Save your session (see Note 11). Click the “My Data” option on the top of the genome browser and then choose “sessions.” One needs to register, if not have done, to save the session.

Figure 1 shows a screenshot from the online UCSC genome browser for the two data sets. GATA1 not only occupies the promoters of genes HBB, HBD, and HBBP1 but also binds to the enhancer sites downstream to gene HBE1 (top track). Consistent with their important functions in hematopoiesis, both HBB and HBD are highly expressed (second track). One great advantage of using the online UCSC genome browser is its ability to integrate NGS data sets preexisting in the browser, including those from the ENCODE project. For instance, from the “Encode Regulation …” section, the enhancer regions in the beta-globin domain in erythrocyte precursor cells are marked by H3K4me1 (an enhancer signature) in the distinctive human mammary epithelial cells (third track). However, the enhancers are not likely active, because the nearby globin genes are all silent (forth track).

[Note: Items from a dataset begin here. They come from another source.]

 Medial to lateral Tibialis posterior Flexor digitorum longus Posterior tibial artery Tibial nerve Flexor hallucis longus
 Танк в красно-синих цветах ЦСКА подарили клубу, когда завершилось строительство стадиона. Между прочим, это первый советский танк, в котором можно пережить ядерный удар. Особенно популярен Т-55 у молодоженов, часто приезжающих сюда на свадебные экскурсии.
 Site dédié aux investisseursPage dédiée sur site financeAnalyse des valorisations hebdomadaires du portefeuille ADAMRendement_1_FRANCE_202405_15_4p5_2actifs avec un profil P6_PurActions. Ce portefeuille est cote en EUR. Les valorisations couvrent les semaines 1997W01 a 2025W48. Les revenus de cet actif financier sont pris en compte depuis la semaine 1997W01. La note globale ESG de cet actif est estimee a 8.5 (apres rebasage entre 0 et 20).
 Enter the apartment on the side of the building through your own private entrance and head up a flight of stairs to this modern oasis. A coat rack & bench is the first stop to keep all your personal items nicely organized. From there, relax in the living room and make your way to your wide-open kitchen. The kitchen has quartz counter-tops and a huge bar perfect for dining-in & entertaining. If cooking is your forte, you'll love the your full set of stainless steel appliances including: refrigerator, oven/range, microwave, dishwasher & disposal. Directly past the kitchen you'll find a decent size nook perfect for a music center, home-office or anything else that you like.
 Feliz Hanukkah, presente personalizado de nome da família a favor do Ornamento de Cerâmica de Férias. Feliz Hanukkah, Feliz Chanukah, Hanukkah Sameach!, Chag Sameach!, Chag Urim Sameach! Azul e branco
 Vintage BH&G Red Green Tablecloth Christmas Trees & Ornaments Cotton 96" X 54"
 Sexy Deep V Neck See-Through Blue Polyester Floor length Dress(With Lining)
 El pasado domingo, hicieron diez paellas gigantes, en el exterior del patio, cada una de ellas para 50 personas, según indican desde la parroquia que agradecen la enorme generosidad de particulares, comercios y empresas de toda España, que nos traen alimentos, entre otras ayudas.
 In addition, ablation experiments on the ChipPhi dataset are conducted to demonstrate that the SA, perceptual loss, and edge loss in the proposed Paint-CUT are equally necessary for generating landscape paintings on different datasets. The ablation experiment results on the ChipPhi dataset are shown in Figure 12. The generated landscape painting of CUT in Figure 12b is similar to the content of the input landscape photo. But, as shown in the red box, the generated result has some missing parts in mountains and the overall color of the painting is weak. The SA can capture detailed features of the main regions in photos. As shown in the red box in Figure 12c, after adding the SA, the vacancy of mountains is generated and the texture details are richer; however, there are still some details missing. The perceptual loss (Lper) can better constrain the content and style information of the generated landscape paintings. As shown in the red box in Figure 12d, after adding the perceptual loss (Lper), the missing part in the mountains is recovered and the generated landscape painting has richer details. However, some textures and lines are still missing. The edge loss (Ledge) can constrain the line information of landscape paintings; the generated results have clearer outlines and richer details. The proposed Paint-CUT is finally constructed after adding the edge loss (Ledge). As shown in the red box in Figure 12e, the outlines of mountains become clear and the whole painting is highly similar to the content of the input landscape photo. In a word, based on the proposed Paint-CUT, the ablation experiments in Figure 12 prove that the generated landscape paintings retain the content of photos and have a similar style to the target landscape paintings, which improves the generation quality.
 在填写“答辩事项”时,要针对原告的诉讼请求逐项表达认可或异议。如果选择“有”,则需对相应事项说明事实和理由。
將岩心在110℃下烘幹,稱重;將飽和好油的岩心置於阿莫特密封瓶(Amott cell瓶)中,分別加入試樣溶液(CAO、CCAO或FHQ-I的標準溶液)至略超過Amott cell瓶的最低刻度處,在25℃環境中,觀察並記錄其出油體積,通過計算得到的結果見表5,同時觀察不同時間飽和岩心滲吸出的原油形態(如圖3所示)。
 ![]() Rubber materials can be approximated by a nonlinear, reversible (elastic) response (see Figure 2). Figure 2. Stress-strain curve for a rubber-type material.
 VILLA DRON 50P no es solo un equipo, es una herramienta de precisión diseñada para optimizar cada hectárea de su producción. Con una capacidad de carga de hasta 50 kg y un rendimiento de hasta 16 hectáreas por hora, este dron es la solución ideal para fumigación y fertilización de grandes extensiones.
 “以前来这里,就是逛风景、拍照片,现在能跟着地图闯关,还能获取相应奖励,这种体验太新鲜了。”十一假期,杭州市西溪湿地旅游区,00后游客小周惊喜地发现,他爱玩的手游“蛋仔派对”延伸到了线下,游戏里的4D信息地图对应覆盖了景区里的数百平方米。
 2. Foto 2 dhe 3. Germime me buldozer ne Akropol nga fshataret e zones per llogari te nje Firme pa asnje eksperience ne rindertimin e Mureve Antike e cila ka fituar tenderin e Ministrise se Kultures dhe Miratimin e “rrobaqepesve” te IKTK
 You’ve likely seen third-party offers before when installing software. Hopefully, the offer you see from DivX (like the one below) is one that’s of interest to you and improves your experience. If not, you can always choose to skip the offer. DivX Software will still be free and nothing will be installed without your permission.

Fig. 1 — A screenshot of the uploaded ChIP-Seq and RNA-Seq from the online UCSC genome browser. First track: distribution ChIP-Seq reads of GATA1 at the beta-globin domain for human CD36+ erythrocyte precursor cells. Second track: distribution of RNA-Seq reads from the same cells as in the first track. The Y-axis for the two tracks represents the number of tags normalized by total library size and window size. Third track: genomic distribution of H3K4me1 for human mammary epithelial cell line. Enrichment of H3K4me1 in intergenic regions is a marker of enhancer. Forth track: distribution of RNA-Seq reads for the same cells as in the third track. No read was detected in this region. The last two tracks are preexisting in the online UCSC genome browser. Enhancer regions are marked by *rectangle*

3.4 Identification of Read Enriched Regions

A common step in analyzing ChIP-Seq data is to identify the genomic regions enriched with mapped reads. The general idea is to test whether the number of tags with a genomic region is significantly more than those generated from a background model. An initial check of the read distribution from the genome browser helps to tell whether the read-enriched regions are broad or narrow. While different methods have been developed to address each situation, a combinational usage of the methods is not uncommon in literatures [16].

Identification of read-enriched regions is also justified for RNA-Seq data under certain circumstances. It is known that reads from the 3′-end of an RNA molecule are more likely sampled than those from the 5′-end, especially for single cell RNA-Seq [17]. In this situation, normalizing the read count within a gene by the size of read-enriched regions rather than simply by the gene length would improve the quantification of gene expression. The 3′-end- biased sequencing data provide valuable information on the exact ending positions of transcripts, of which the boundaries can be defined by read-enriched islands.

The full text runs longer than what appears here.